> _Information_

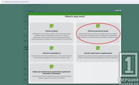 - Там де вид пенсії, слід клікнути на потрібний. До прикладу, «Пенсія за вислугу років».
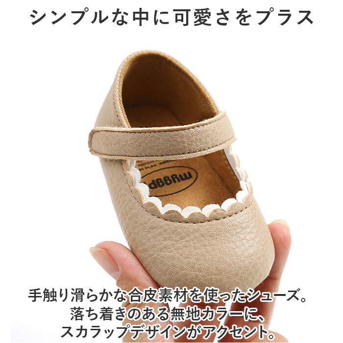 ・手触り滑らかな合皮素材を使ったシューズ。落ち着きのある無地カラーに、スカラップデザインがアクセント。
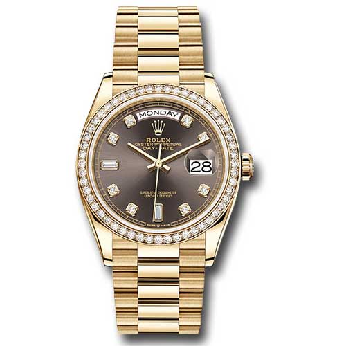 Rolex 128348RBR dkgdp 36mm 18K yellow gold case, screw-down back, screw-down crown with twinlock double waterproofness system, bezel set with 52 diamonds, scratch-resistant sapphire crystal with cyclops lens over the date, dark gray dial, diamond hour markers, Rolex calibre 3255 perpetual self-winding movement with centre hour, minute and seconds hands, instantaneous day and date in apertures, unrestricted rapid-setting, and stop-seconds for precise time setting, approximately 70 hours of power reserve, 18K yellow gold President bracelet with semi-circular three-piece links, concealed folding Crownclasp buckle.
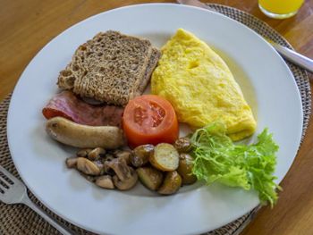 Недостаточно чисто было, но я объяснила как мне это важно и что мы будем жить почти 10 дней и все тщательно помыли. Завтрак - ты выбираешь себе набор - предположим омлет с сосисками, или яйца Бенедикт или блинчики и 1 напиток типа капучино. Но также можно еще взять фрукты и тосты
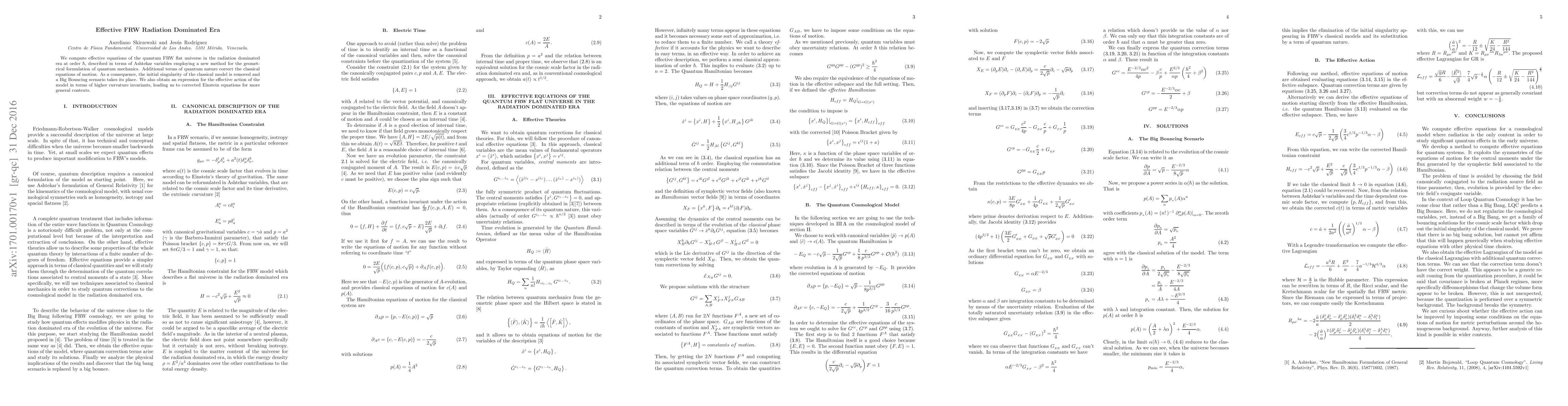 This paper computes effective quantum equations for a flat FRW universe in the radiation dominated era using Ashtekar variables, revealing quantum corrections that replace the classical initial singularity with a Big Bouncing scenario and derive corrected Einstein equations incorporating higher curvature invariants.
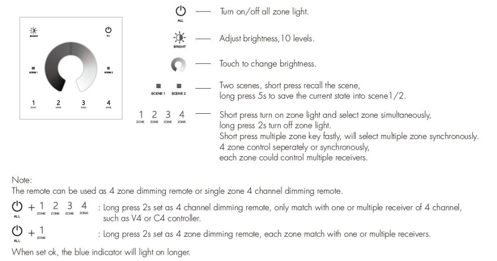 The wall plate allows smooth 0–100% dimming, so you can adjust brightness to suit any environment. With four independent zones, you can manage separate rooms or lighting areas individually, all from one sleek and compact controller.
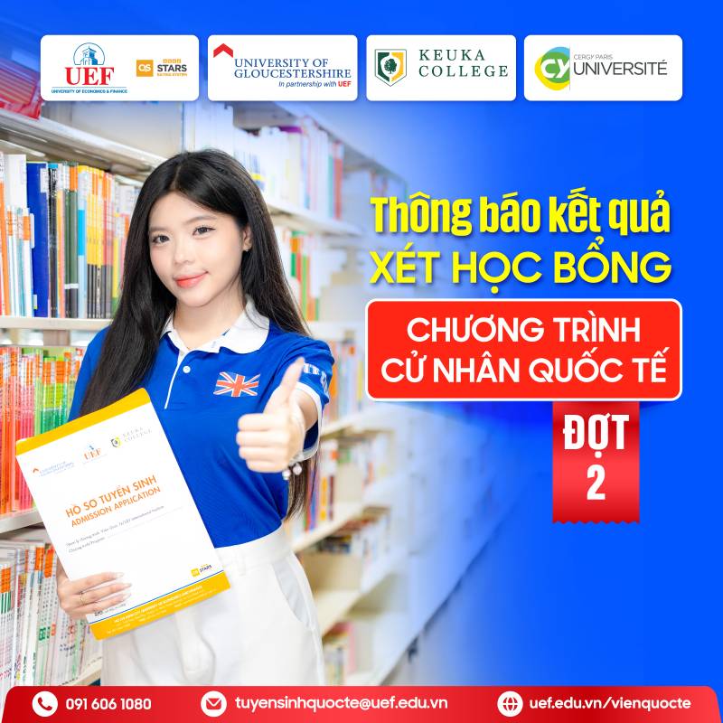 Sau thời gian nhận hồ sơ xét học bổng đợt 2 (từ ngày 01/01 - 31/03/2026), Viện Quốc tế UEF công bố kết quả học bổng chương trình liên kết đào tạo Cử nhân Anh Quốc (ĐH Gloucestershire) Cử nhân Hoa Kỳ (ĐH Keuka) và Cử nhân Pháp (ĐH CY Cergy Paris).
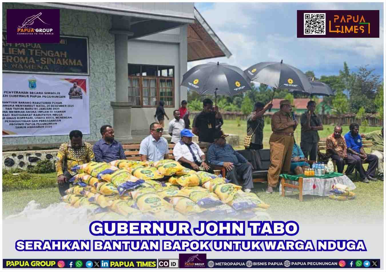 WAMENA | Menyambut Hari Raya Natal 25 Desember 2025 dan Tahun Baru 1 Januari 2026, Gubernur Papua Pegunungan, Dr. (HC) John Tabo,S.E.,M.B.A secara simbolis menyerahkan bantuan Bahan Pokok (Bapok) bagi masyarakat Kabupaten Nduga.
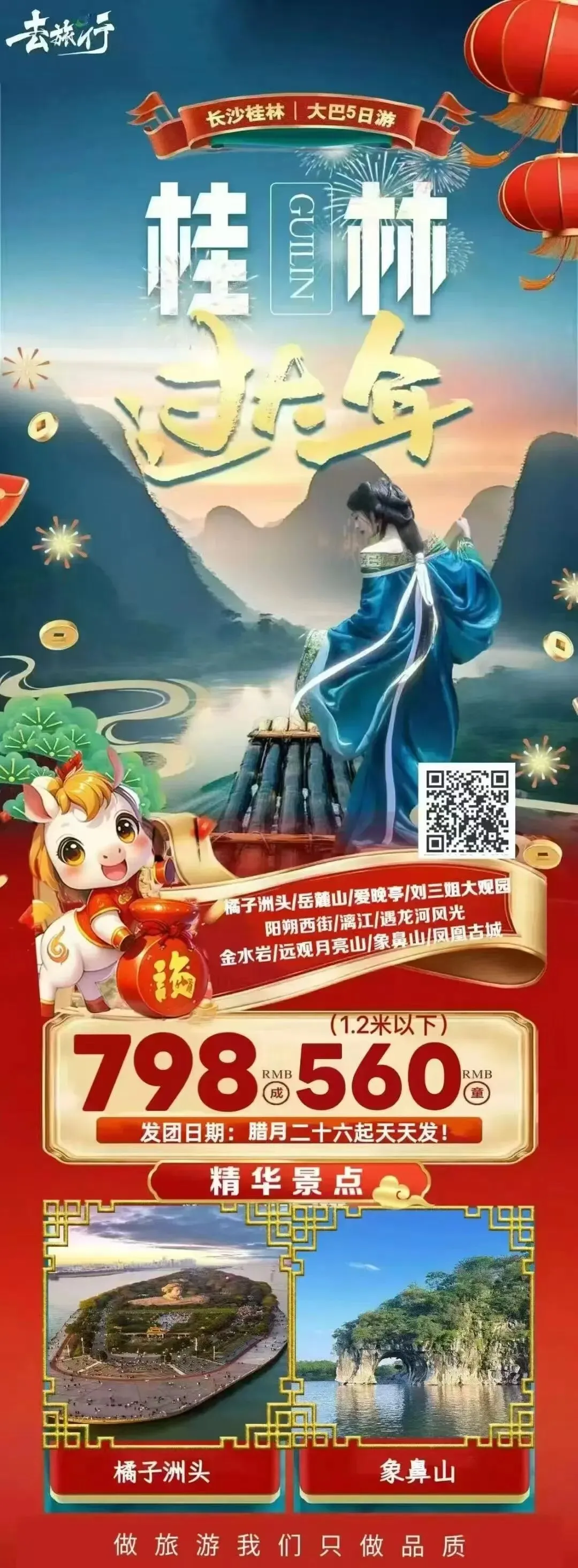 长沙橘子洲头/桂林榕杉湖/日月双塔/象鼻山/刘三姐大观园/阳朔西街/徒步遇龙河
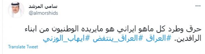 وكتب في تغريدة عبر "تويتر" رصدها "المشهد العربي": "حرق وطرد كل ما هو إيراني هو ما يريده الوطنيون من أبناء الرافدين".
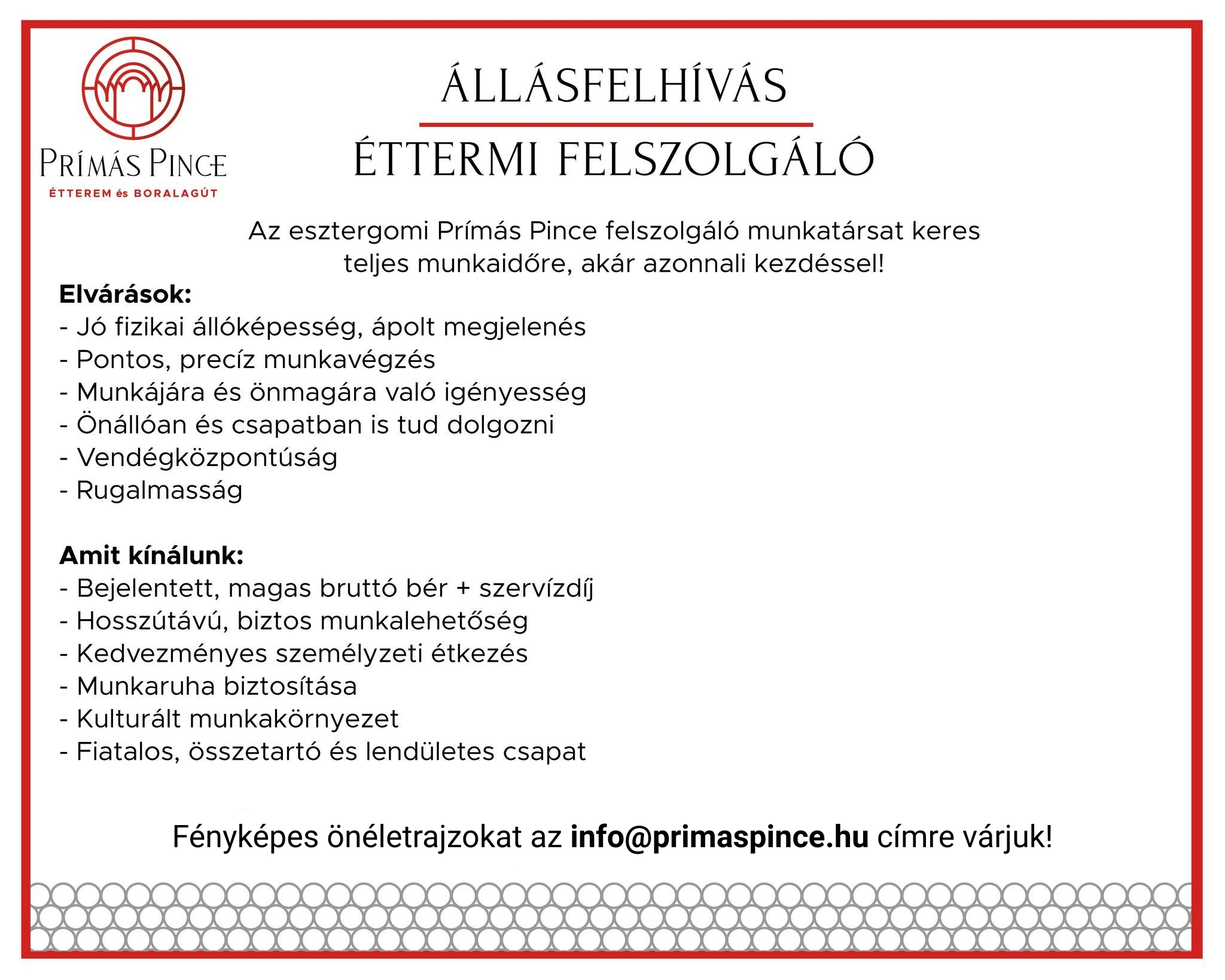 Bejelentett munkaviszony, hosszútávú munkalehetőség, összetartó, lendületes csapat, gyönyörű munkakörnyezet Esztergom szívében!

> _Prompt_
Pictures aside, write out verbatim every line from the first line of the material through the line holding "Недостаточно чисто было, но".

> _The answer_
 - Там де вид пенсії, слід клікнути на потрібний. До прикладу, «Пенсія за вислугу років».
 ・手触り滑らかな合皮素材を使ったシューズ。落ち着きのある無地カラーに、スカラップデザインがアクセント。
 Rolex 128348RBR dkgdp 36mm 18K yellow gold case, screw-down back, screw-down crown with twinlock double waterproofness system, bezel set with 52 diamonds, scratch-resistant sapphire crystal with cyclops lens over the date, dark gray dial, diamond hour markers, Rolex calibre 3255 perpetual self-winding movement with centre hour, minute and seconds hands, instantaneous day and date in apertures, unrestricted rapid-setting, and stop-seconds for precise time setting, approximately 70 hours of power reserve, 18K yellow gold President bracelet with semi-circular three-piece links, concealed folding Crownclasp buckle.
 Недостаточно чисто было, но я объяснила как мне это важно и что мы будем жить почти 10 дней и все тщательно помыли. Завтрак - ты выбираешь себе набор - предположим омлет с сосисками, или яйца Бенедикт или блинчики и 1 напиток типа капучино. Но также можно еще взять фрукты и тосты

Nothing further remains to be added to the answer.